6. 293T cells were mock‐transfected (NT), transfected with empty plasmids (EV) or plasmids expressing NS5 from TBEV, LIV or YFV. Twenty‐four hours later, cells were stimulated with IFN⍺2 (400 IU/ml) for 15 min. Whole‐cell lysates were analyzed by Western blotting with antibodies against the indicated proteins. Data are representative of three biological replicates. For densitometric analysis of band intensities see Fig EV5A.

7. TYK2 kinase activity was assessed in vitro using the kinase domain (aa 871–1,187) of TYK2, a peptide derived from IRS‐1 as substrate and ATP. Kinase reactions were carried with or without recombinant NS5 proteins as indicated. The level of ATP, which decreases during the kinase reaction, was inversely correlated to the luciferase activity. The activity of TYK2 in the absence of viral proteins was set at 100%. The data are means ± SD of at least six biological replicates. One‐way ANOVA tests with Dunnett's correction were performed, ns: non‐significant, ****P < 0.0001.
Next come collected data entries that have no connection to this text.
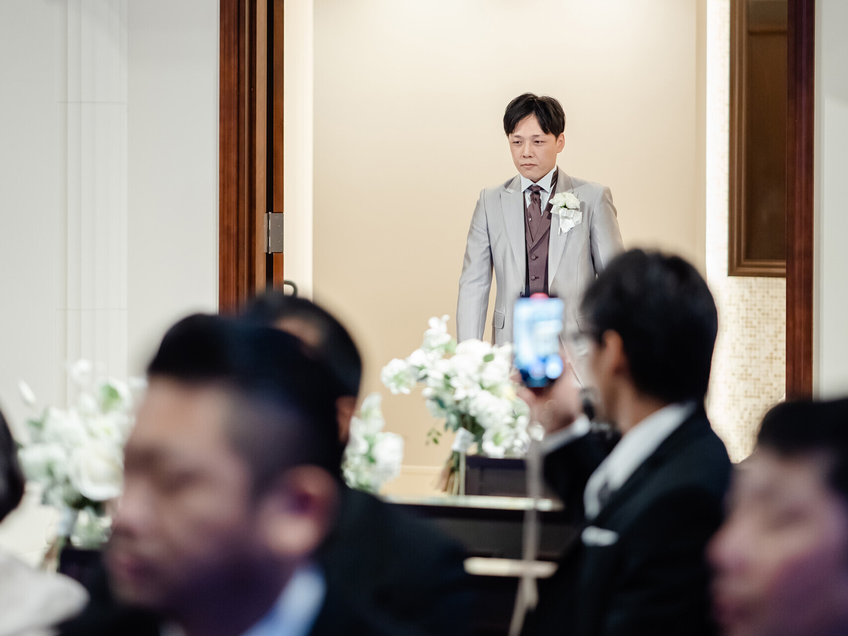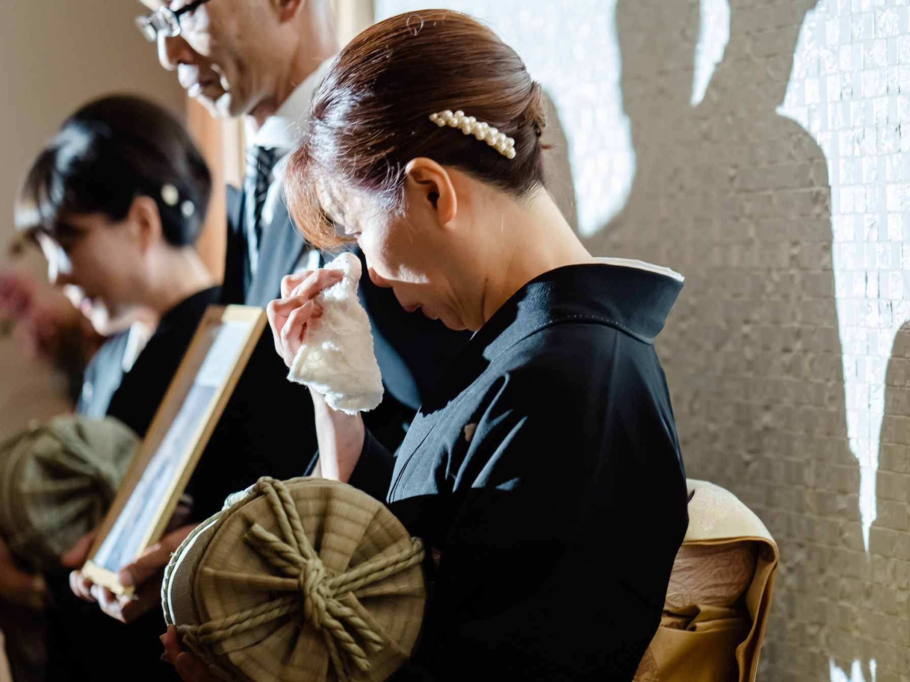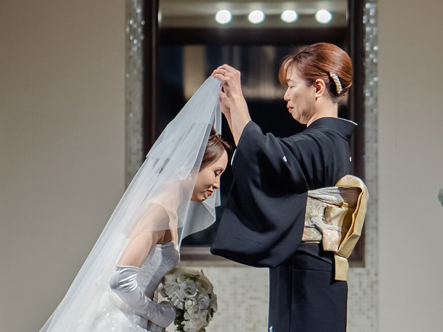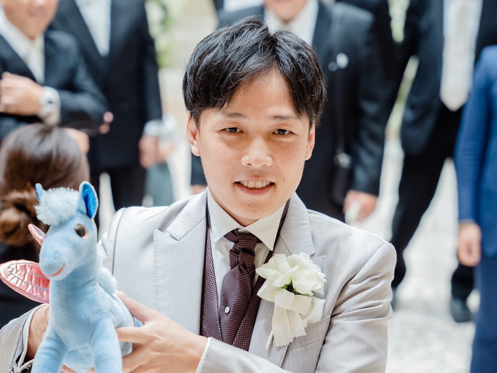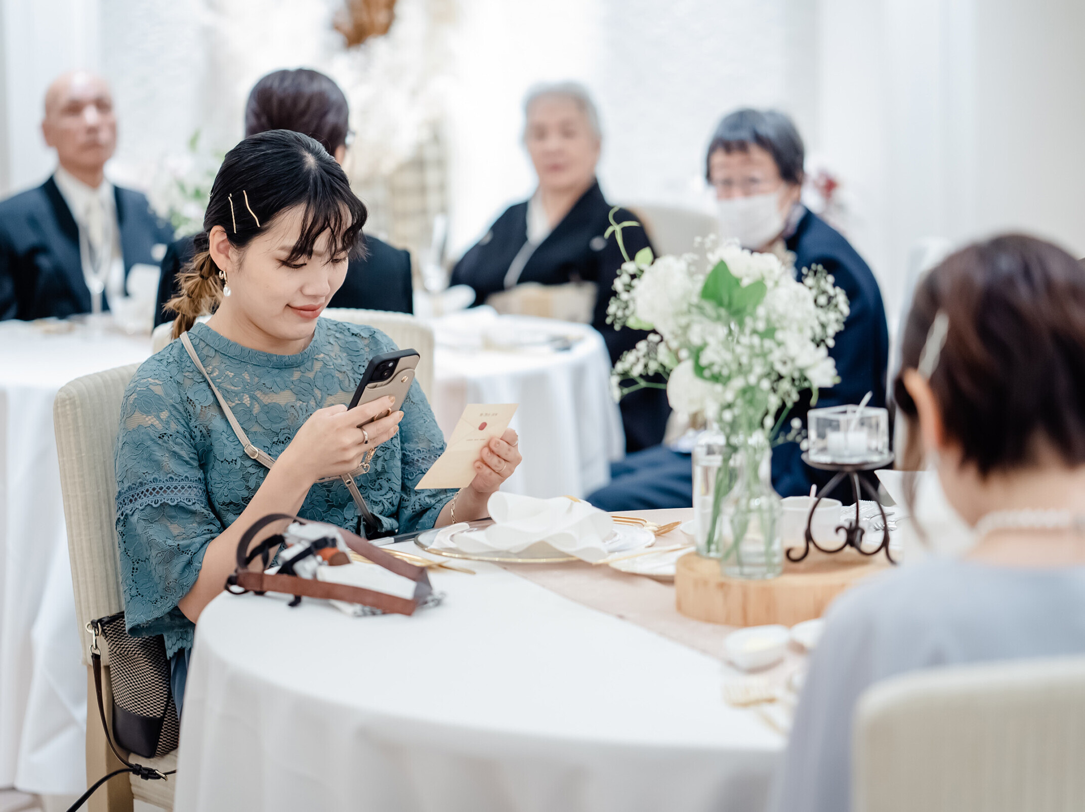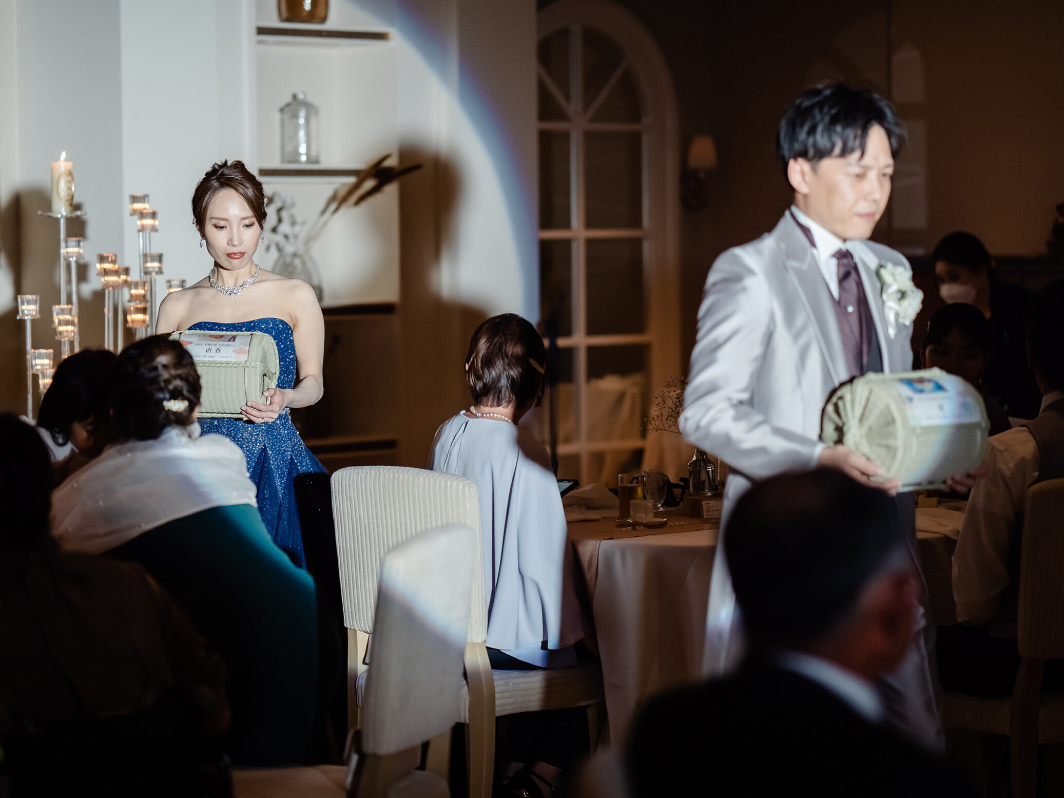 「親御様にドレス姿を直接みてもらいたい」 そんな想いから結婚式をすることを決めたおふたり 挙式の前にファミリーミートを行い、 誰よりも先にドレス姿を見てもらうことにしました 挙式や披露宴ではゲストとの距離が近づくような演出を入れて 写真タイムもしっかり取り、思い出が沢山残せる時間づくりを意識しました
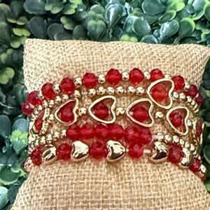 Charming bracelet set featuring red and gold beads. Perfect for adding a pop of color to your favorite outfit or to give as a gift.
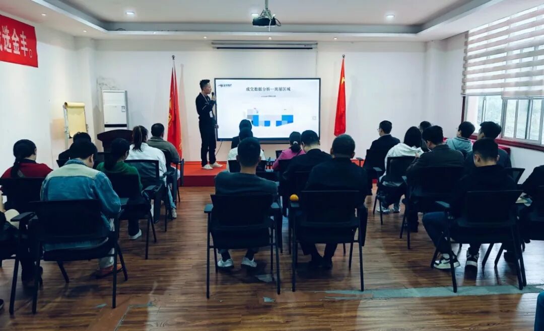 大会正式开始,金丰房产签约部部长易达棋凭借10月份的成交数据,深入剖析了市场动态,旨在为大家指明接下来的工作方向。在数据解读告一段落后,易部长带领大家回顾了公司年初设立的年度奖项,并向大家公布了截至目前,公司2024年团队及个人业绩排名情况,他鼓励全体同仁在余下的一个多月时间里,全力以赴,力争上游,站上年末的荣誉奖台。
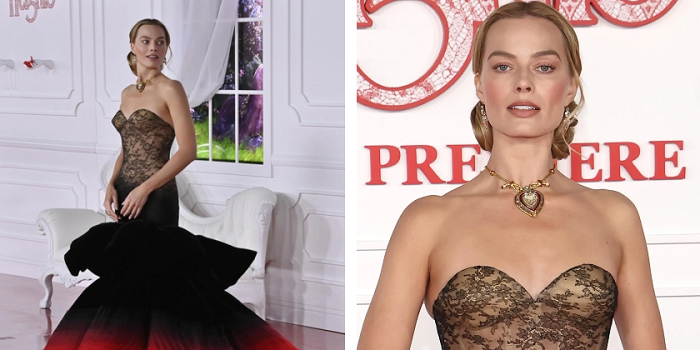 რაც შეეხება მსახიობის კაბას, პრემიერისთვის მსახიობმა Schiaparelli-ის კაბა შეარჩია, რომელიც „ჰოლივუდის ოქროს ხანის“ ესთეტიკასა და გოთიკის ბნელ რომანტიკას შორის ლავირებს. ეს უნიკალური ქმნილებაა, რომელიც დენიელ როუზბერის არცერთ ჩვენებაში არ იყო წარმოდგენილი, თუმცა ფერითა და აგებულებით მაღალი მოდის კოლექციას მოგვაგონებს, რომელიც სულ ახლახან იყო წარმოდგენილი.
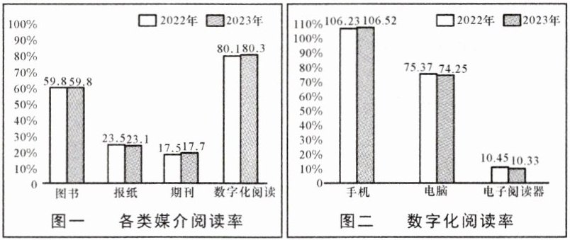 2. 2024 年 4 月 23 日,在第三届全民阅读大会上,中国新闻出版研究院发布了第二十一次全国国民阅读调查结果。请你观察下面两组统计图,完成题目。
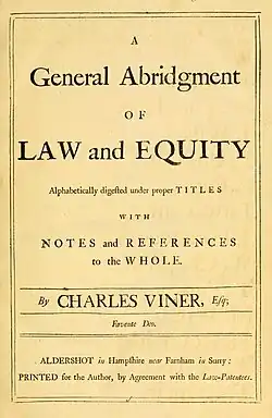 • Viner, C. A General Abridgment of Law and Equity, Alphabetically Digested under proper Titles; with Notes and References to the Whole. 23 vols. fol. Aldershot. 1742 - 53. 2d ed. 24 vols. 8vo. London. 1791 - 94.
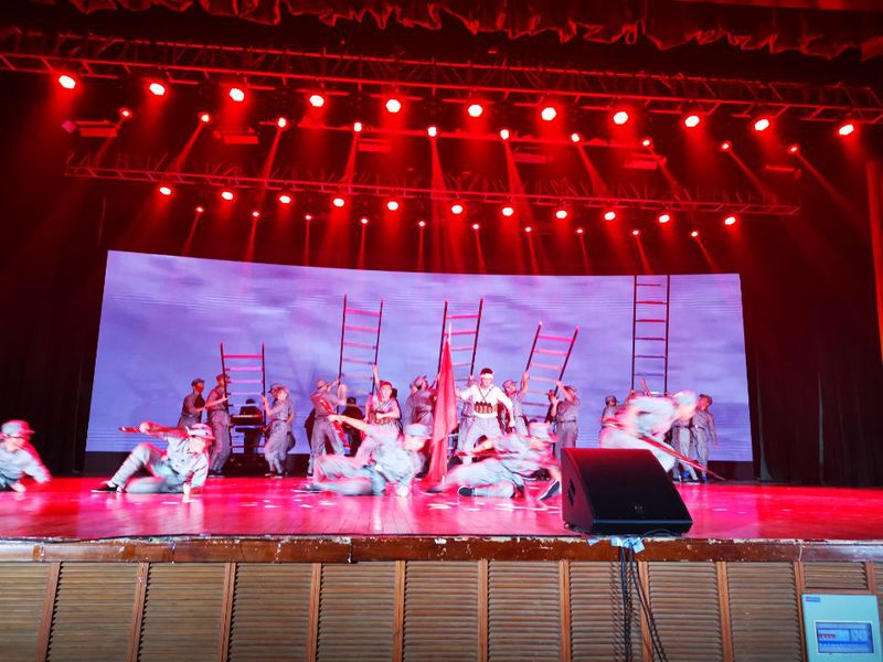 此次文艺汇演以“砥砺奋进七十载,同心共筑新时代”为主题,为到场的观众们带来了一场视听盛宴。各个学院在此之前都进行了辛勤刻苦的排练。在本场晚会中,他们激情昂扬,将自己的对前辈的敬意表达的淋漓尽致。其中最令大家期待的节目之一,永利yl23411no1的《决战黎明》,一开始宏大的场面便赢得大家的阵阵呼声。这场舞蹈,分为向前推进,舍命炸碉堡,发起总冲锋三个部分。表现了新四军战士英勇无畏,不怕牺牲的崇高精神,展示了中国军人的男儿本色。
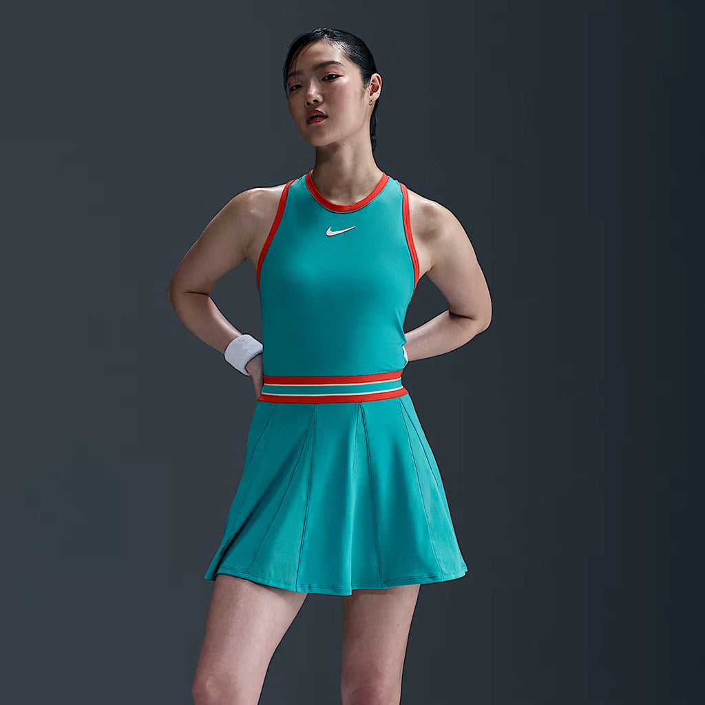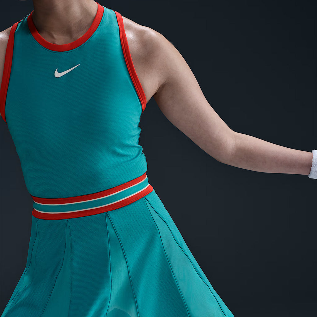 Fun and ready to move on court in stand out Dusty Cactus. Stay cool under pressure in this form-fitting, stretchy Slam dress. Sweat-wicking technology and strategically placed mesh keep you dry and comfortable. Nike Dri-FIT technology wicks sweat away for quicker evaporation, helping you stay dry and comfortable.
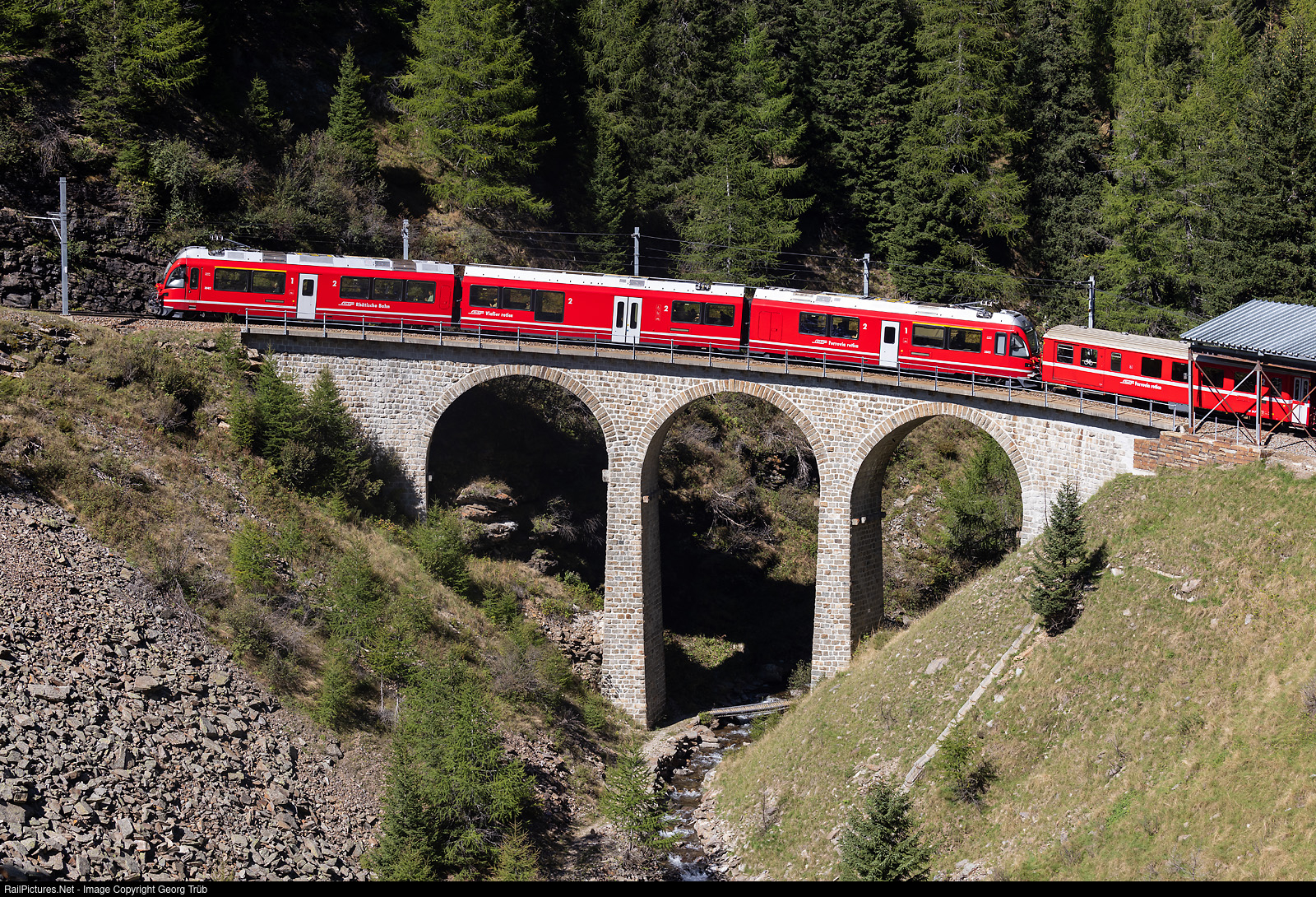 | "Allegra" ABe 8/12 # 3502 of the Rhaetian Railway pulls the regional train 4648 from Tirano to St.Moritz over the Val da Pila viaduct, on a grade of 7.0 % and with a radius of 50 meter, between Cavaglia and Stablini. |

8. In vitro kinase assays were performed as in (G) by replacing IRS‐1 peptides by recombinant STAT1. The samples were analyzed by Western blot with the indicated antibodies. Data are representative of three biological replicates. For densitometric analysis of band intensities see Fig EV5C.

Source data are available online for this figure.

Figure EV4. Alignment of human JAKs Tyrosine Kinases and TYK2 orthologs, in the NS5 interacting region

Residues boxed in red correspond to NS5 interaction residues identified by molecular docking analysis. Residue K930, which is involved in ATP binding and kinase activity, is colored in magenta. Residues Y1054 and Y1055, which are phosphorylated during activation, are boxed in green. Numbering is relative to human TYK2.

Figure EV5. TBEV and LIV NS5 proteins interact with the tyrosine kinase domain of TYK2 and affect its catalytic activity

1. Densitometric analysis of Western blots from three biological replicates showing the relative abundances of pTYK2 to total TYK2. Data are expressed as a percentage of the values of cells transfected with an empty plasmid (EV). They are means ± SD. One‐way ANOVA tests with Dunnett's correction were performed. ns: non‐significant, ***P < 0.001.

2. Viral protein expression in vitro. Coomassie Gel of purified NS5 (full‐length protein or individual domain).

3. Densitometric analysis of Western blots from three biological replicates showing the relative abundances of pSTAT1 to total STAT1. Data are expressed as a percentage of the samples containing no NS5 (mock), and are means ± SD. One‐way ANOVA tests with Dunnett's correction were performed, ns: non‐significant, **P < 0.01.

Source data are available online for this figure.